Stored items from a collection
..........
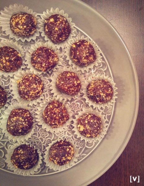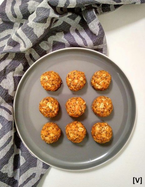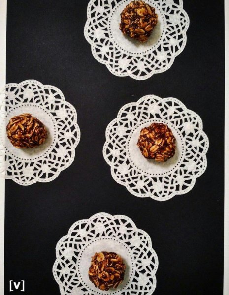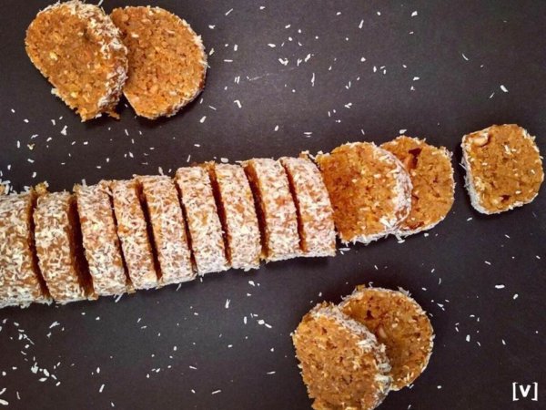 Előszőr a száraz, majd a ragacsos hozzávalókat dobd be egy fasza késes robotgépbe – ha nem tapadna össze, akkor kézzel segíts rá, formázz golyókat, majd forgasd meg tökmagos kókuszreszelékben.
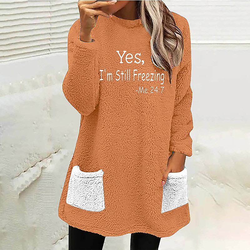 Women's Pullover Sweatshirt Letter Warm Fashion Casual Long Sleeve Crew Neck Long Tops Street Dailywear Casual Patchwork Pocket Print Pink Blue Purple Orange Green Fall Winter
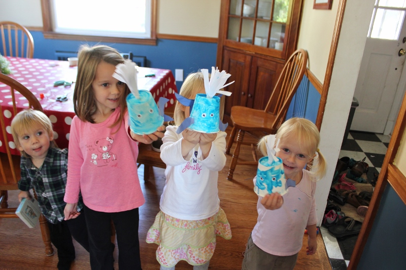 We also made blue whales out of cups, complete with blow hole spray.
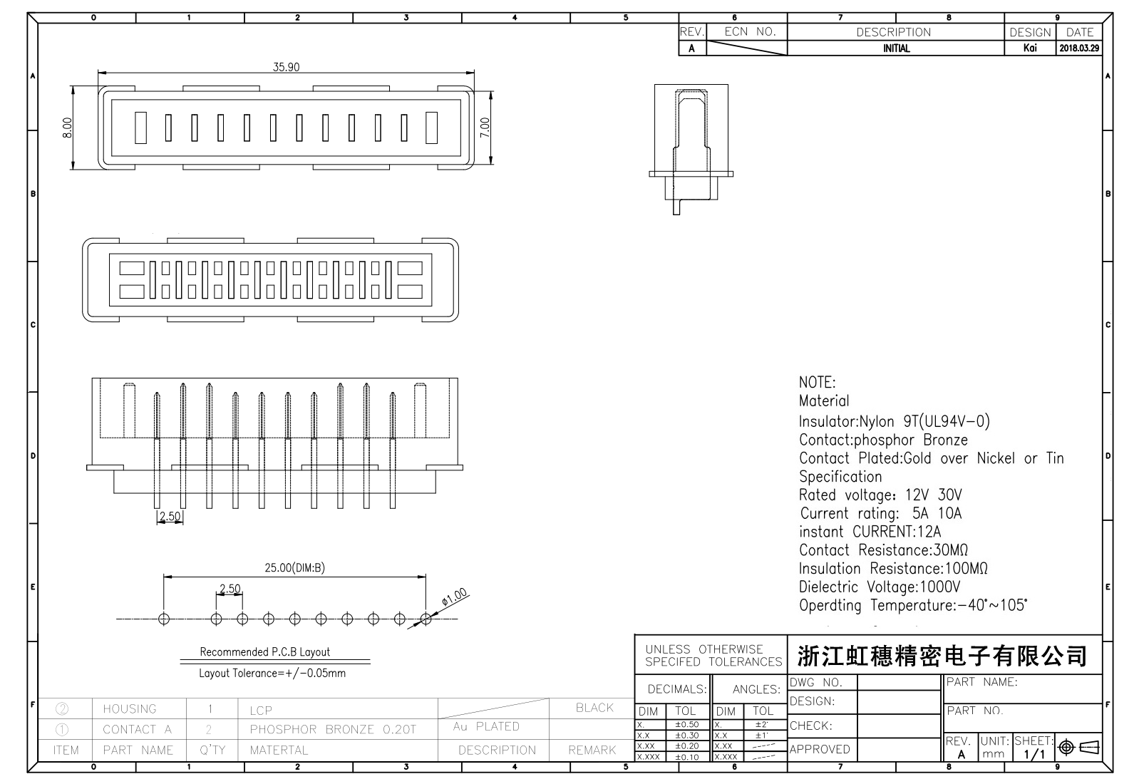 絕緣主體:Nylon 6T/9T(UL94V-0)
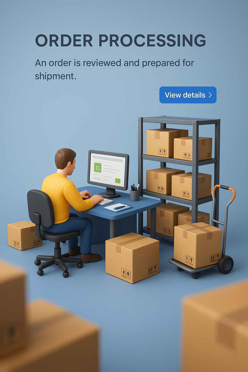 /Collection: /by davooda/Type: PNG/A detailed 3D illustration depicting order processing. A person reviews orders at a desk with a computer, surrounded by stacked boxes and a cart, conveying a busy shipping environment.
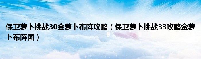 大家好,慧慧来为大家解答以上问题,保卫萝卜挑战30金萝卜布阵攻略,保卫萝卜挑战33攻略金萝卜布阵图很多人还不知道,现在让我们一起来看看吧!
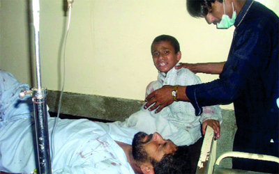 مصاب في الاعتداء يتلقى علاجاً في مينغورا. إي.بي.إيه
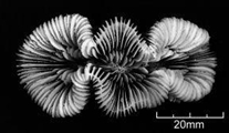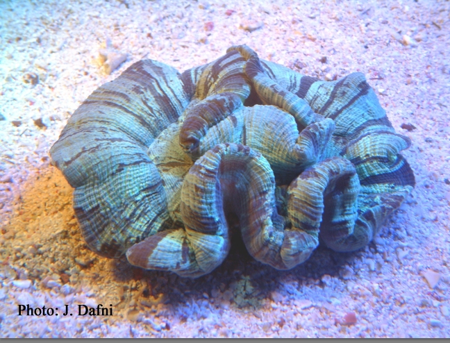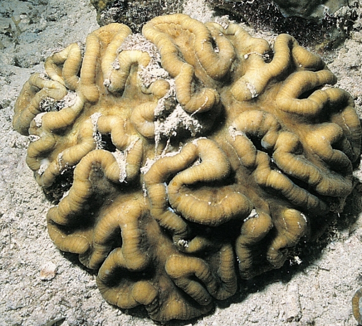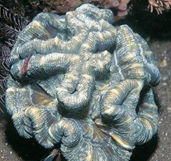 | Merulinidae Verrill, 1865 משפחת אלמוגניים GenusTrachyphyllia סוג שובל-שמלה Trachyphyllia מקודם חולן במשפחה ובסוג רק מין אחד. מושבה שאיננה מאוחה, אלא מונחת על החול חופשית. הפוליפים מסודרים בשקעים מפותלים שהגבולות בין פוליפים סמוכים לא ברורים תמיד Only one genus and one species for this family. The colony is free-living, with several corallites in a flabello-meandroid type colony. |
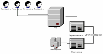 Рис. 2.2. Структура телефонной сети АГУ Назначение: городская оконечная, опорно-транзитная АТС Характеристики: · цифровое качество связи · значительное сокращение эксплуатационных расходов за счет: - организации единого ЦТО (сопряжение модулей АТС и выносов осуществляется по цифровому стыку Е1 с сетевым протоколом ТОS); - простота конфигурирования, реконфигурирования, обслуживания и ремонта; - круглосуточного необслуживаемого режима работы · высокая "живучесть" за счет модульной структуры АТС: неисправность одного модуля оказывает только ограниченное влияние на всю систему, из-за наличия в каждом модуле своей коммутационной машины с рабочими, тестовыми и сервисными программами · для построения АТС любой конфигурации используется 2 вида ячеек · абонентский комплект на 10 АЛ, расширение кратно 10 · наличие прямых, удаленных и транзитных абонентов · наличие 4-х потоков Е1 для коммутации абонентских линий и 4-х потоков Е1 для коммутации внешних каналов в каждом базовом модуле · полный набор услуг и сервиса для абонентов разного типа АТС · безвозмездная передача очередных версий программного обеспечения Отличительные особенности: · прямое включение (без конвертации) существующих АТС с различными типами сигнализации (ОКС №7, EDSS1, 2ВСК, 1ВСК); · максимальное использование существующего оборудования с различными линейными кодами (NRZ, AMI, HDB-3); Таблица 2.1. Параметры станции ТОС 120
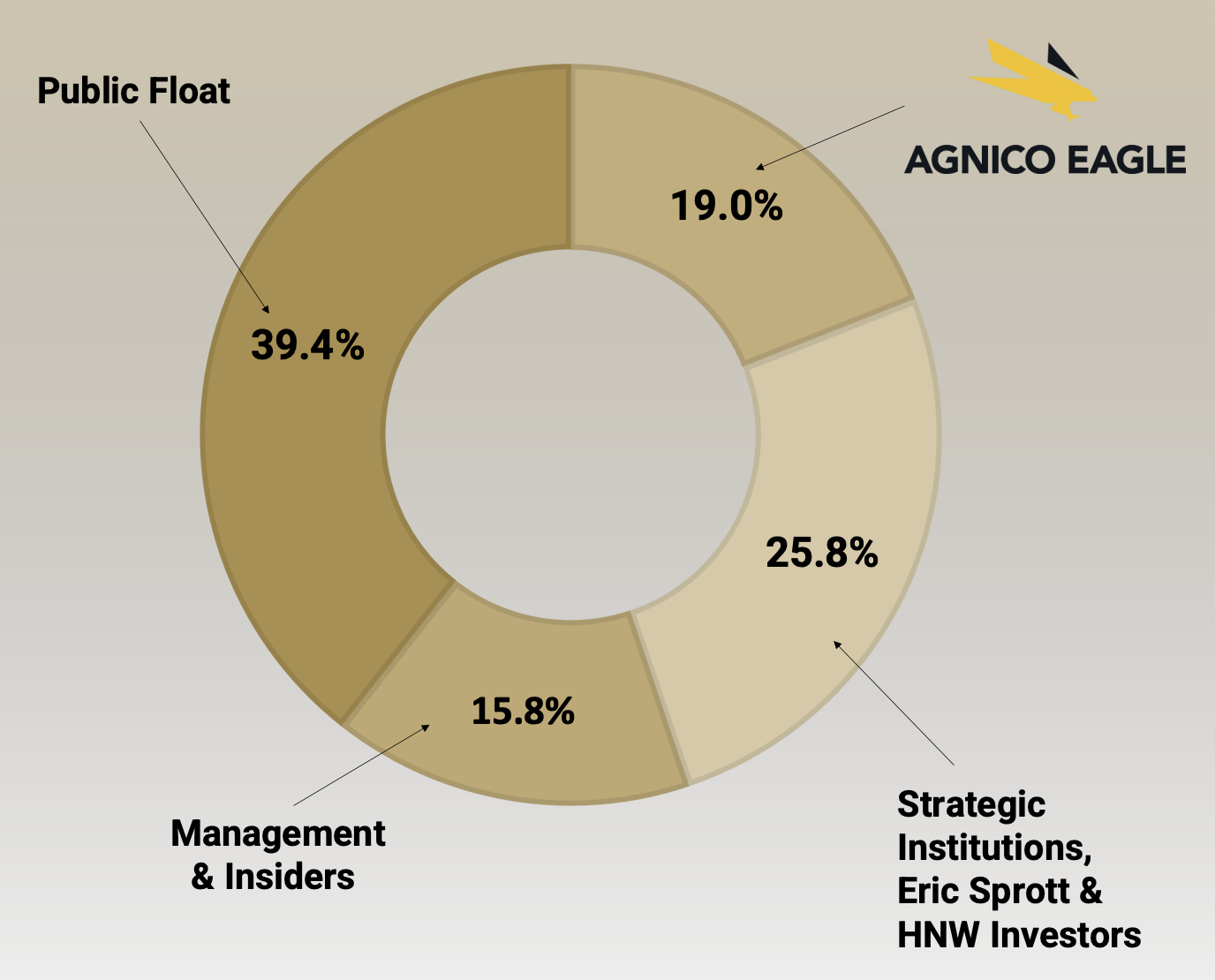 A key strength is the strategic anchor. Agnico Eagle Mines holds ~19-20% of the company and has consistently reaffirmed its commitment. Their participation lends credibility, technical depth and potential downstream resource leverage (e.g., joint ventures or offtake frameworks). The recent raise of CAD 23 million in October was upsized, demonstrating strong market interest and reducing near-term dilution risk. The share structure (approx. 221 million shares outstanding as of the latest fact-sheet) shows the company is sufficiently funded for exploration and early-stage development at this stage.
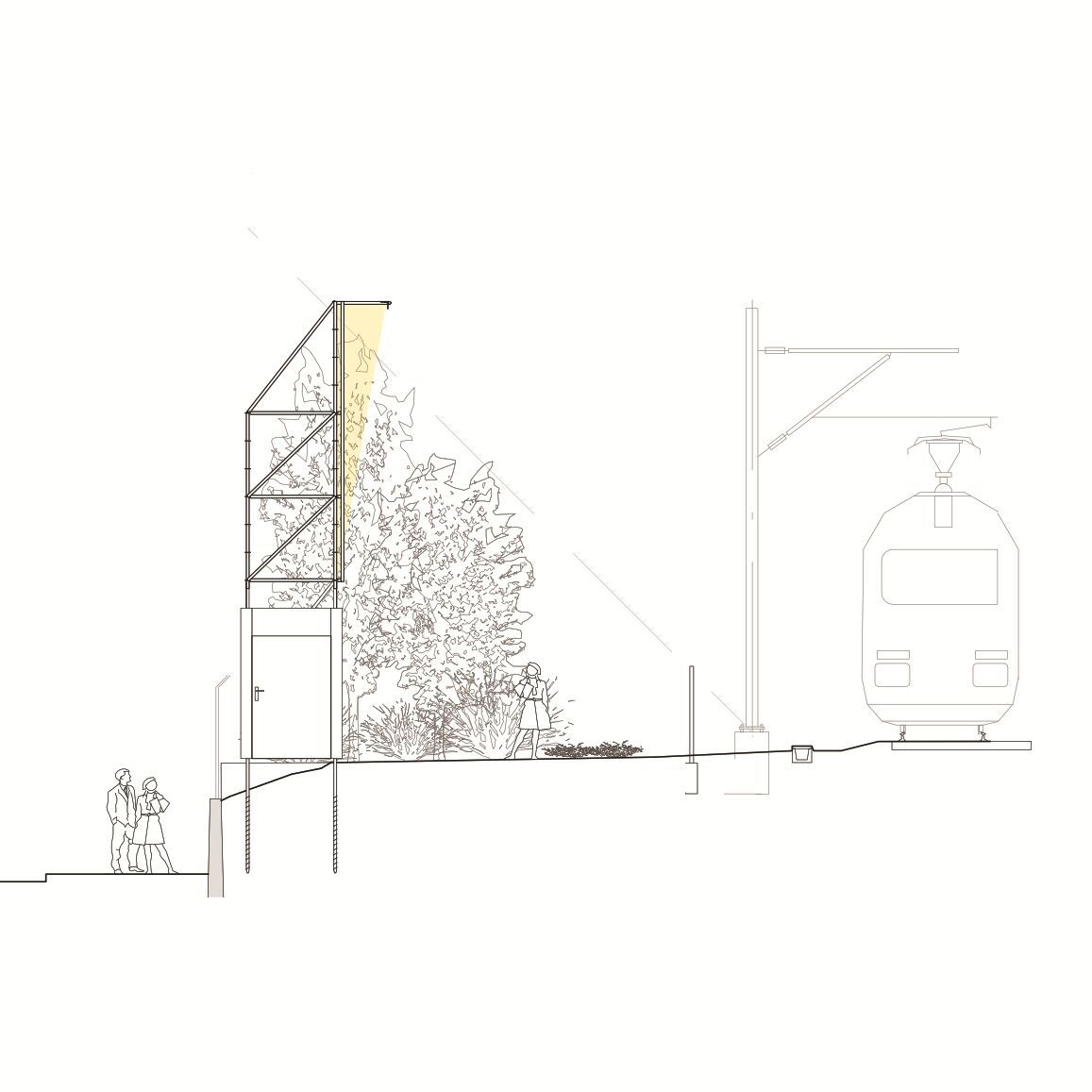 On aperçoit BILLBOARD de loin, et particulièrement bien depuis le Negrellisteg, la passerelle piétonne qui relie depuis 2021 les Kreis 4 et 5. Deux mondes se rencontrent à ce carrefour urbain: au sud, l’Europaallee et ses commerces, et au nord, le quartier animé de la Zollstrasse dont le visage a beaucoup changé depuis la construction de la Zollhaus par la coopérative Kalkbreite (voir Arc Mag 2022–3, p. 90–101). De petites enseignes, le Forum d’architecture de Zurich, un glacier, une scène de Stand-Up et quelques restaurants se sont installés sur ce nouvel axe de flânerie le long duquel se dessine une forme de spontanéité organisée. Une atmosphère urbaine oscillant entre ouverture et contrôle, à l’image de Zurich lorsqu’elle se montre sous son meilleur jour: une architecture en phase avec ce qui est à venir, expérimentale et volontairement à l’écoute de la société.
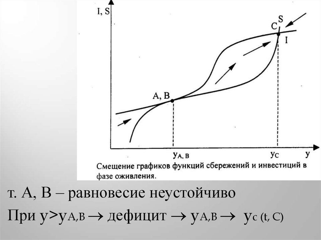 т. А, В – равновесие неустойчивоПри y>yA,B дефицит yA,B yc (t, C)
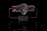 HYPNOS - 33x36 x 7 cms sand cast glass sculpture -copper inclusions -steel & stone.-
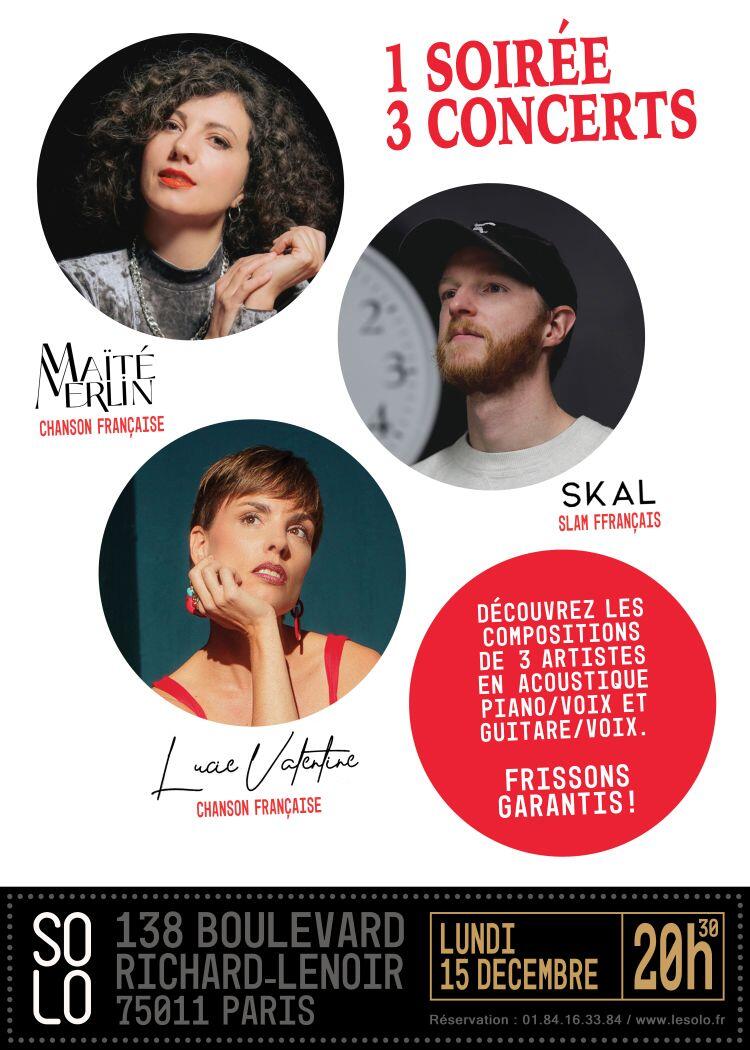 Entre puissance et fragilité, Maïté Merlin fait vibrer des hymnes à la liberté et à l’amour. Poétesse au verbe affûté, elle transforme ses émotions en uppercuts poétiques. Sur scène, sa voix puissante et habitée impose le silence, bouleverse et captive. Inspirée par le rock et la chanson française, elle fait résonner sa vérité avec ses nouveaux singles Murmure-moi, Pas le temps et Le virtuel, c’est mortel. Pour ce concert au Solo, elle s'accompagnera "solo" à la guitare et peut être même au piano...
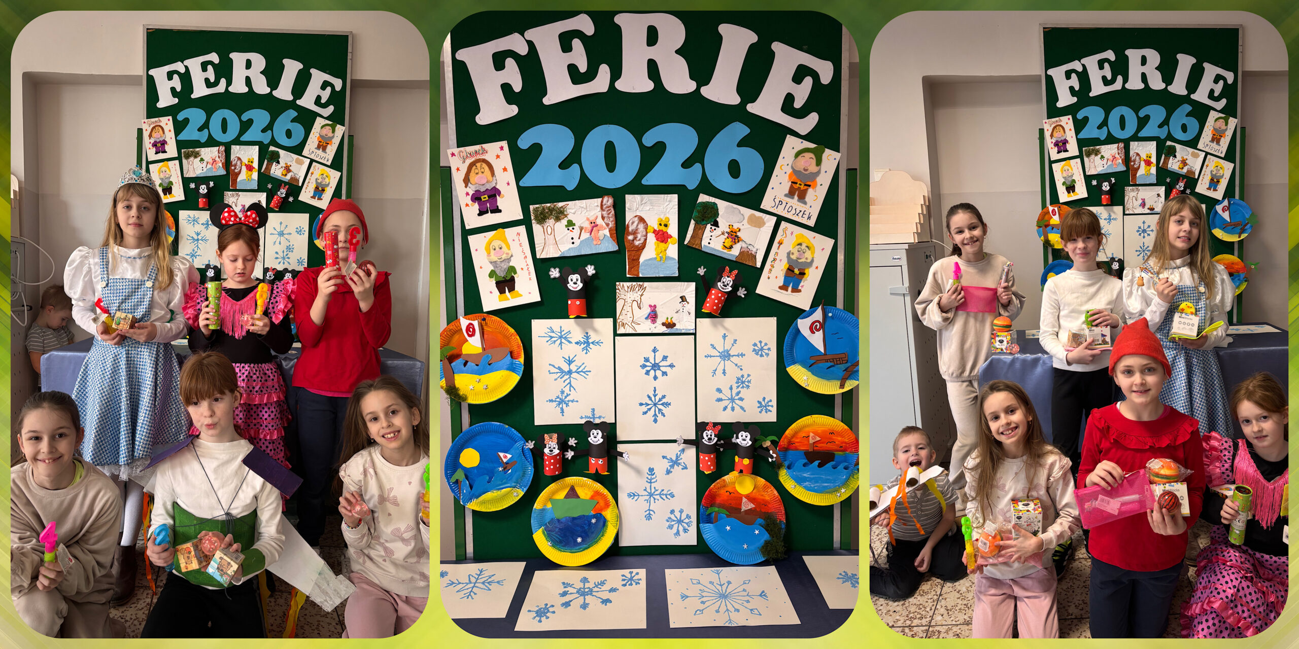 Ferie rozpoczęliśmy spotkaniem z Myszką Miki i Minnie. Dzieci wysłuchały fragmentów bajek oraz ciekawostek o bohaterach. Następnie wzięły udział w konkursie plastycznym „Moja Myszkowa Postać”, tworząc barwne prace przedstawiające ulubionych bohaterów z bajki.
..........
What to produce:
From the records above, copy only the lines running from the line containing "大家好,慧慧来为大家解答以上" to the line containing "type colony. |", both ends included. Leave the pictures out.

Task response:
 大家好,慧慧来为大家解答以上问题,保卫萝卜挑战30金萝卜布阵攻略,保卫萝卜挑战33攻略金萝卜布阵图很多人还不知道,现在让我们一起来看看吧!
 مصاب في الاعتداء يتلقى علاجاً في مينغورا. إي.بي.إيه
 | Merulinidae Verrill, 1865 משפחת אלמוגניים GenusTrachyphyllia סוג שובל-שמלה Trachyphyllia מקודם חולן במשפחה ובסוג רק מין אחד. מושבה שאיננה מאוחה, אלא מונחת על החול חופשית. הפוליפים מסודרים בשקעים מפותלים שהגבולות בין פוליפים סמוכים לא ברורים תמיד Only one genus and one species for this family. The colony is free-living, with several corallites in a flabello-meandroid type colony. |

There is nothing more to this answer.